WHAT THE TASK REQUIRES: Pictures do not belong in the copy. Write out exactly the lines from the one containing "KEPALA SEKOLAH ALIYAH DAN TSANAWIYAH" through the end of the data.

[Stored entries]
+ + + +

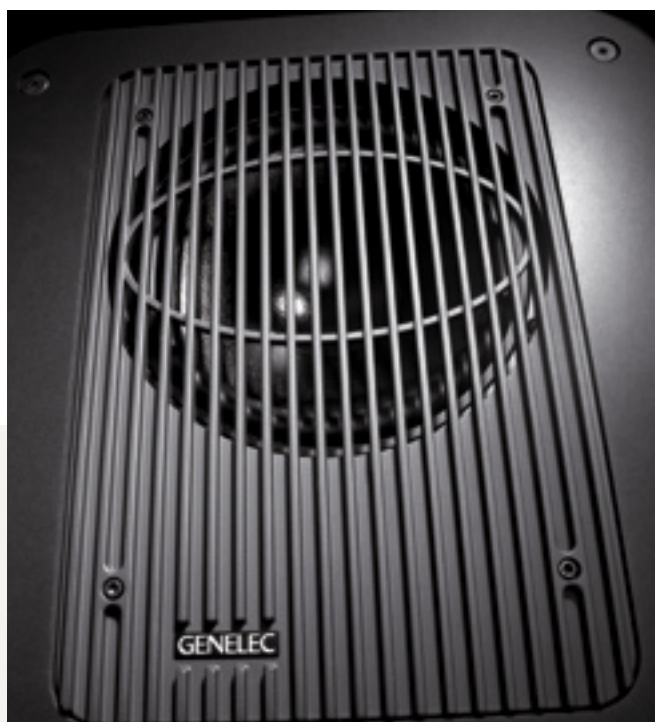
Genelec SE DSP System, 5.1
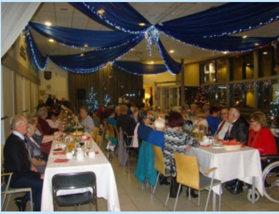
Dzień Seniora w Sieprawiu str. 28
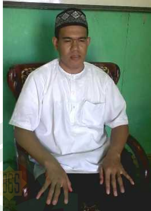
KEPALA SEKOLAH ALIYAH DAN TSANAWIYAH
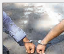
عکس از روز شنبه ۱۳۹۷ تیر ۲
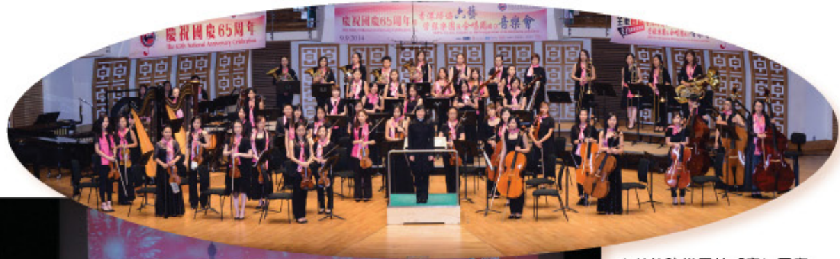
六藝管弦樂團於「慶祝國慶65周年暨香港婦協六藝管弦樂團及合唱團成立音樂會」演出。
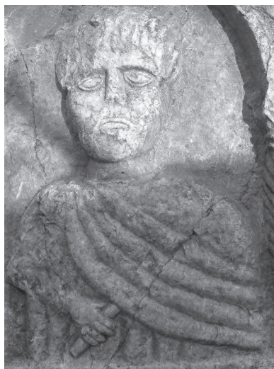
Сл. 8. Приказ мушке особе у горњој ниши

Квадратично натписно поље има украшен профилирани оквир са вегетативним мотивима. Натпис је био уклесан у осам редова. Средишњи дио натписног поља, услед дјеловања људског фактора је

+ + + +

COMPLETED TASK:
KEPALA SEKOLAH ALIYAH DAN TSANAWIYAH
عکس از روز شنبه ۱۳۹۷ تیر ۲
六藝管弦樂團於「慶祝國慶65周年暨香港婦協六藝管弦樂團及合唱團成立音樂會」演出。
Сл. 8. Приказ мушке особе у горњој ниши

Квадратично натписно поље има украшен профилирани оквир са вегетативним мотивима. Натпис је био уклесан у осам редова. Средишњи дио натписног поља, услед дјеловања људског фактора је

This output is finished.